Copy the listing exactly as given. Omit every picture.

★ ★ ★ ★

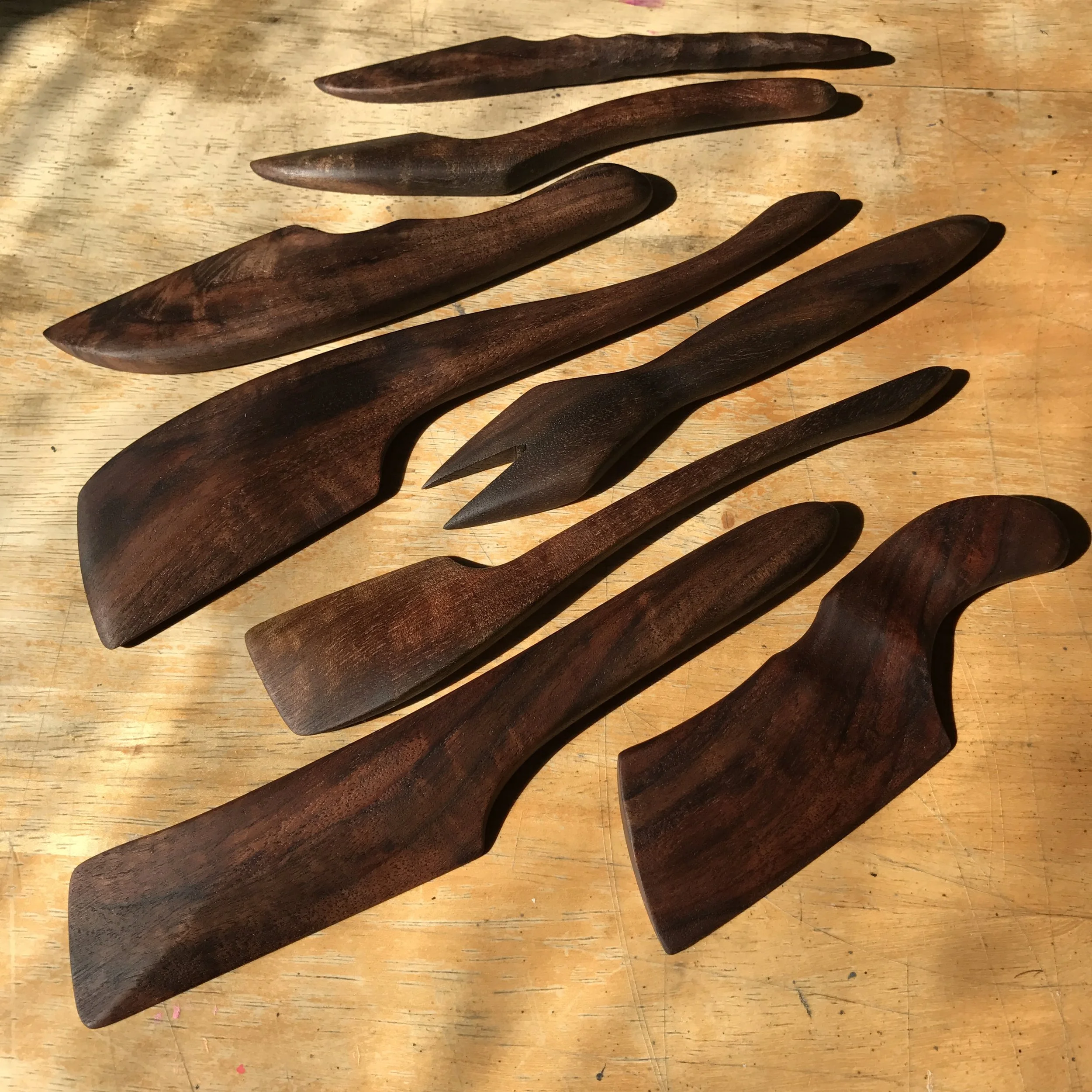 Sculpted wood climbing holds, some made from repurposed or recycled materials
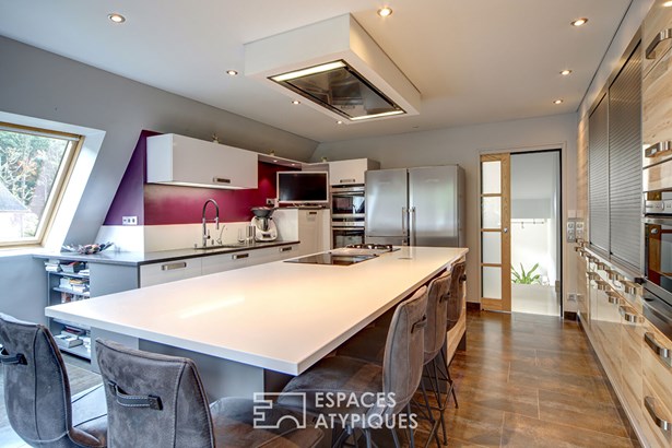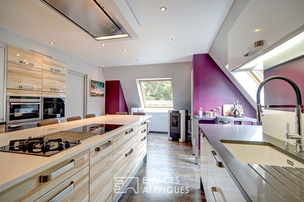 The separate dining kitchen offers a generous and warm space, thanks to its high-end equipment and the pellet stove inviting moments of conviviality around a modular central island.
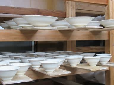 早朝 夫は 心配そうに 棚にのった作り立ての小鉢や お皿を 点検していました
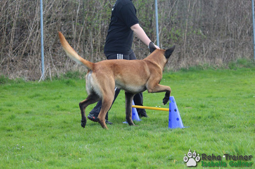Mit Hilfe von verschiedenen Geräten wird die Stabilisation und Koordination des Hundes gefördert oder auch das
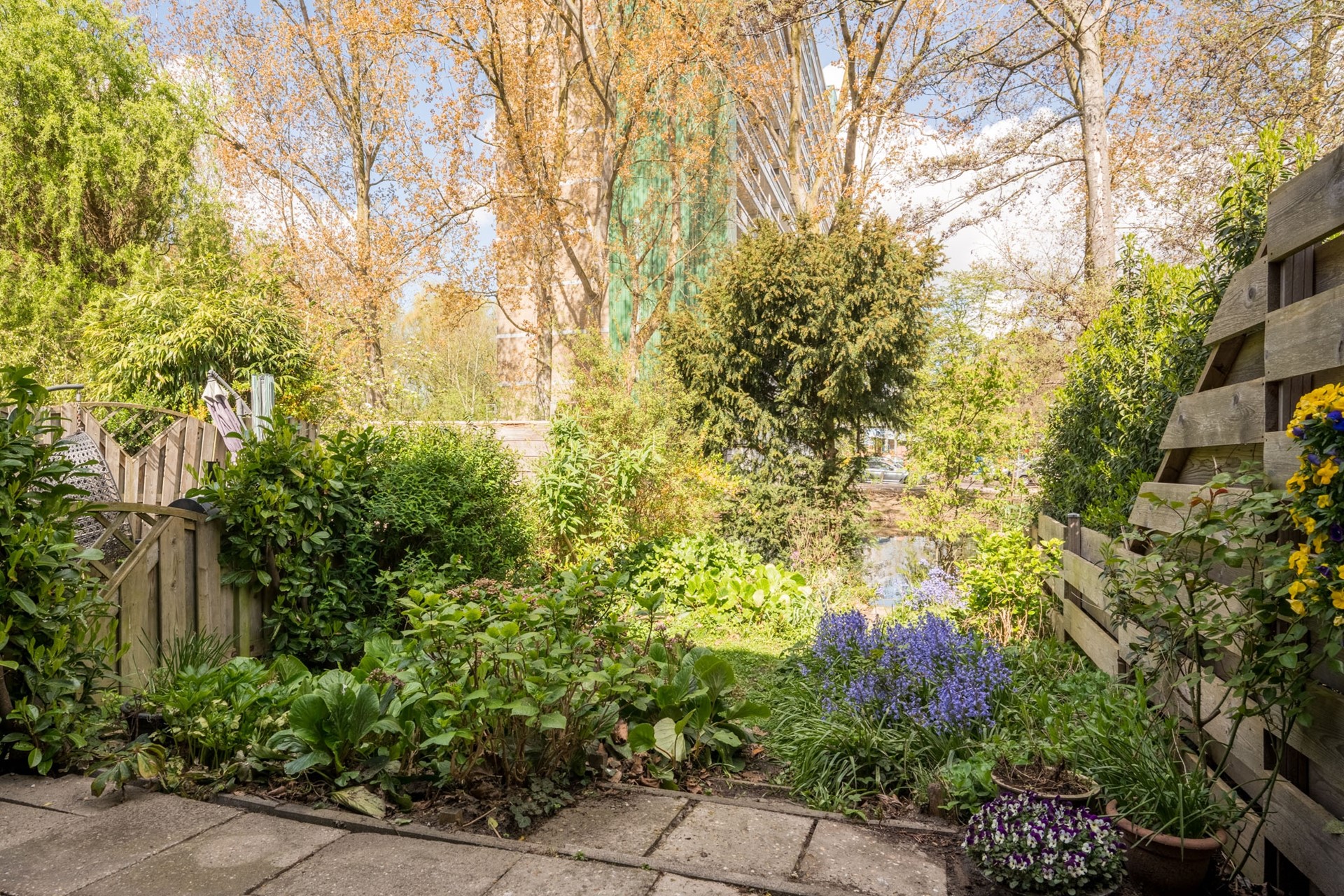 • De diepe achtertuin is rustig gelegen, voorzien van een terras en diverse groenborders en met leuk uitzicht over het water.
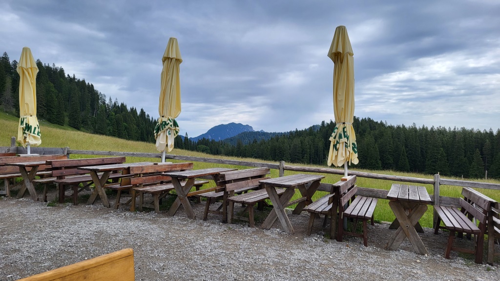 die Staffelalm ist wieder ein wichtiger Wanderweg Knotenpunkt. Am Horizont erkennen wir die Benediktenwand Datum 20.12.2024
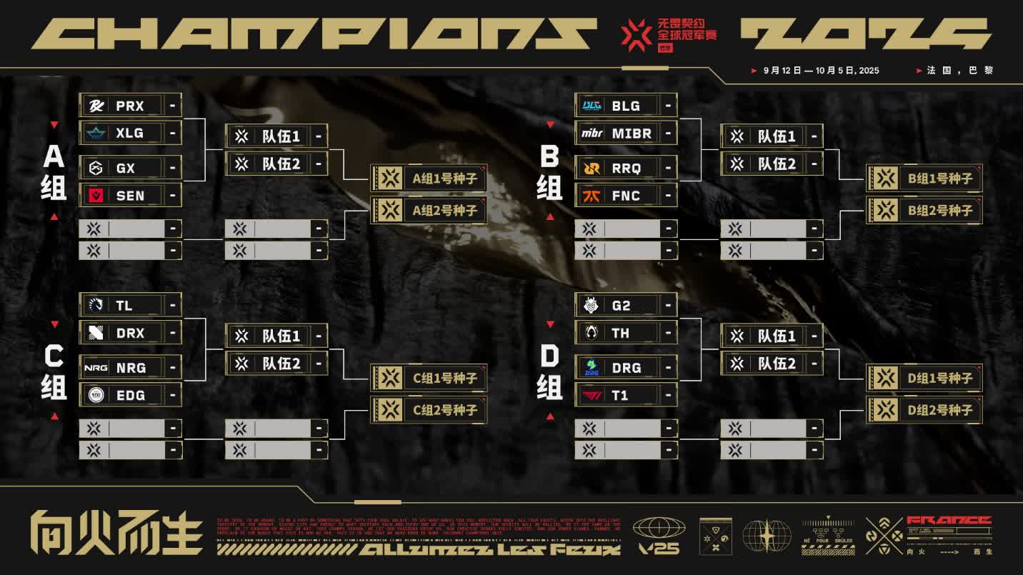 從VCT CN 聯賽、VCT 美洲聯賽、VCT EMEA 聯賽和 VCT 太平洋聯賽到全球賽事,最出色的十六支隊伍晉級無畏契約冠軍巡迴賽的最終賽場。其中:
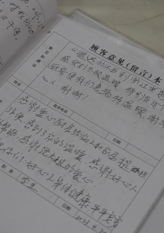 在厨房门口的桌子上,放了一本登记本,全国各地来过的病人家属,都会在上面留下自己的使用记录,从浙江到江西、安徽、福建……最远的病人来自新疆。旁边还有一本留言本,上面写满了病人的“感谢”——
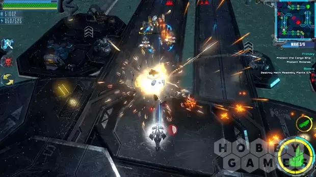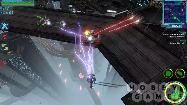 Тяжело вооруженные дроны, запрограмированные разрушать, рвутся к материнскому кораблю «Антарес». Размещайте защитные сооружения в оптимальных местах и управляйте кораблем-защитником «Молотоглав». На нём установлены такие оружейные системы, как «Тесла-пушка», бьющая по нескольким целям, гелиевый плазмомет «Зажигатель» и смертоносный «Поражатель».
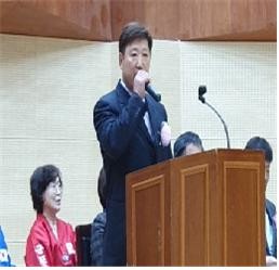 | ▲안양시 용무도협회 김병묵 회장의 대회사 모습 |
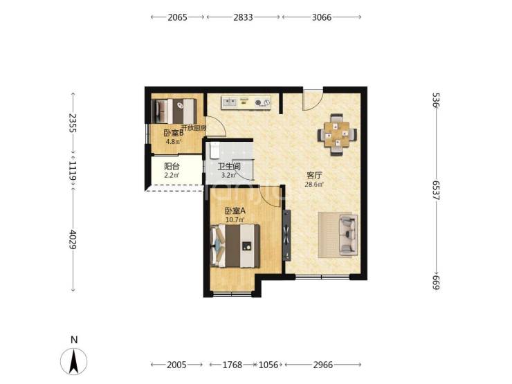 【户型】2房2厅1卫
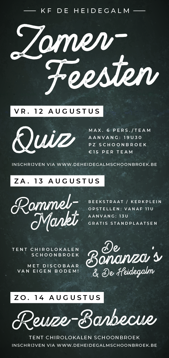 Een sfeervolle, muzikale avond met Schoonbroekse zangtalent en fanfare De Heidegalm. Muziek die iedereen kent en waar je luidkeels mee kan meezingen. Nadien neemt DJ Django je mee tot in de vroege uurtjes.
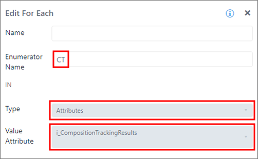 In this example, the enumerator 'CT' is used to enumerate the rows of the composition tracking table stored in the attribute 'i_CompositionTrackingResults'.
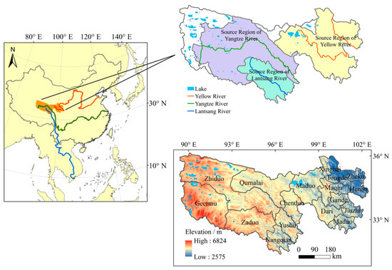 The study area is the TRSR (see Figure 1), which located in the hinterland of the Tibetan Plateau (31°39”–36°12” N, 89°45”–102°23” E), known as the “Water Tower of China”, the headstream of three major rivers in East Asia (i.e., the Yangtze River, the Yellow River and the Lancang River). Around 40% of the world’s population depends on, or is influenced by, these rivers [20]. The TRSR covers an area of 350,000 km2, in which the area of SRYa, SRYe, SRLa accounts for 43.2%, 39%, and 17.8%, respectively [21]. The TRSR is mainly constituted of mountainous landform with the altitude of 3335–6564 m. The climate is typical high-altitude plateau monsoon type, with annual mean temperature from −5.38 °C to 4.14 °C and annual precipitation from 262.2 mm to 772.8 mm [22]. The grassland ecosystem is primary in the TRSR region, which accounts for 65.37% of the total area. The population is about 568,000 and most of the residents are nomadic Tibetan [21]. Because of rigorous climate and topography, grassland ecosystems in this region are fragile and consequently prone to damage and degeneration [22]. Over the past decades, grassland degradation in the TRHR has attracted much attention. The lives of residents are threatened by a deteriorating regional ecosystem and declining water conservation function.
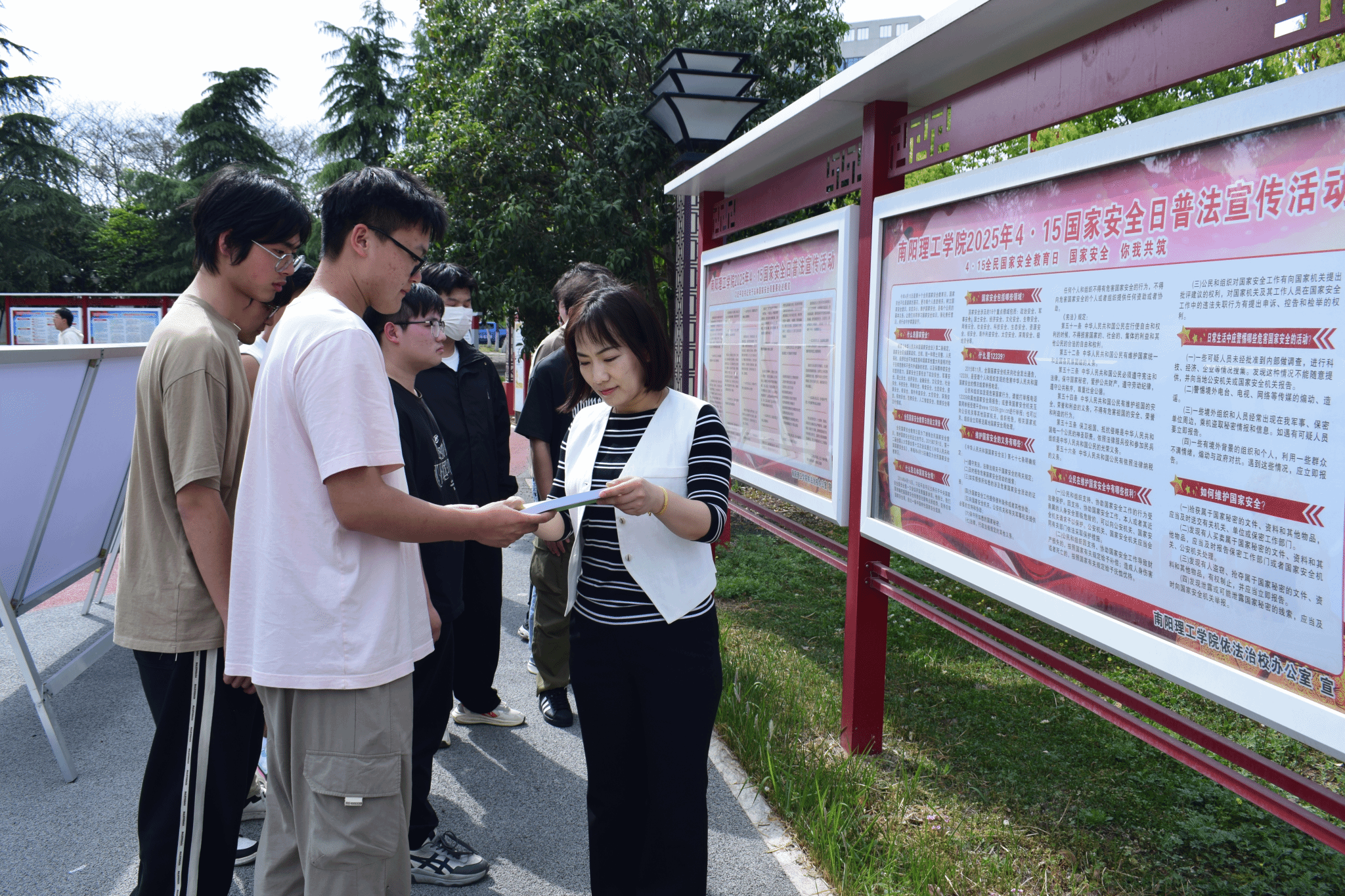 本网讯(特约记者/张子正)为深入贯彻落实总体国家安全观,增强师生国家安全意识,4月15日下午,土木工程学院在东南校区法治文化广场举办“4•15全民国家安全教育日”宣教活动,党委保卫工作部、依法治校办公室及各职能部门相关人员和师生代表参加活动,南阳市公安局示范区分局警官王春园等出席活动。

★ ★ ★ ★

Answer to this task
 Sculpted wood climbing holds, some made from repurposed or recycled materials
 The separate dining kitchen offers a generous and warm space, thanks to its high-end equipment and the pellet stove inviting moments of conviviality around a modular central island.
 早朝 夫は 心配そうに 棚にのった作り立ての小鉢や お皿を 点検していました
Mit Hilfe von verschiedenen Geräten wird die Stabilisation und Koordination des Hundes gefördert oder auch das
 • De diepe achtertuin is rustig gelegen, voorzien van een terras en diverse groenborders en met leuk uitzicht over het water.
 die Staffelalm ist wieder ein wichtiger Wanderweg Knotenpunkt. Am Horizont erkennen wir die Benediktenwand Datum 20.12.2024
 從VCT CN 聯賽、VCT 美洲聯賽、VCT EMEA 聯賽和 VCT 太平洋聯賽到全球賽事,最出色的十六支隊伍晉級無畏契約冠軍巡迴賽的最終賽場。其中:
 在厨房门口的桌子上,放了一本登记本,全国各地来过的病人家属,都会在上面留下自己的使用记录,从浙江到江西、安徽、福建……最远的病人来自新疆。旁边还有一本留言本,上面写满了病人的“感谢”——
 Тяжело вооруженные дроны, запрограмированные разрушать, рвутся к материнскому кораблю «Антарес». Размещайте защитные сооружения в оптимальных местах и управляйте кораблем-защитником «Молотоглав». На нём установлены такие оружейные системы, как «Тесла-пушка», бьющая по нескольким целям, гелиевый плазмомет «Зажигатель» и смертоносный «Поражатель».
 | ▲안양시 용무도협회 김병묵 회장의 대회사 모습 |
 【户型】2房2厅1卫
 Een sfeervolle, muzikale avond met Schoonbroekse zangtalent en fanfare De Heidegalm. Muziek die iedereen kent en waar je luidkeels mee kan meezingen. Nadien neemt DJ Django je mee tot in de vroege uurtjes.
 In this example, the enumerator 'CT' is used to enumerate the rows of the composition tracking table stored in the attribute 'i_CompositionTrackingResults'.
 The study area is the TRSR (see Figure 1), which located in the hinterland of the Tibetan Plateau (31°39”–36°12” N, 89°45”–102°23” E), known as the “Water Tower of China”, the headstream of three major rivers in East Asia (i.e., the Yangtze River, the Yellow River and the Lancang River). Around 40% of the world’s population depends on, or is influenced by, these rivers [20]. The TRSR covers an area of 350,000 km2, in which the area of SRYa, SRYe, SRLa accounts for 43.2%, 39%, and 17.8%, respectively [21]. The TRSR is mainly constituted of mountainous landform with the altitude of 3335–6564 m. The climate is typical high-altitude plateau monsoon type, with annual mean temperature from −5.38 °C to 4.14 °C and annual precipitation from 262.2 mm to 772.8 mm [22]. The grassland ecosystem is primary in the TRSR region, which accounts for 65.37% of the total area. The population is about 568,000 and most of the residents are nomadic Tibetan [21]. Because of rigorous climate and topography, grassland ecosystems in this region are fragile and consequently prone to damage and degeneration [22]. Over the past decades, grassland degradation in the TRHR has attracted much attention. The lives of residents are threatened by a deteriorating regional ecosystem and declining water conservation function.
 本网讯(特约记者/张子正)为深入贯彻落实总体国家安全观,增强师生国家安全意识,4月15日下午,土木工程学院在东南校区法治文化广场举办“4•15全民国家安全教育日”宣教活动,党委保卫工作部、依法治校办公室及各职能部门相关人员和师生代表参加活动,南阳市公安局示范区分局警官王春园等出席活动。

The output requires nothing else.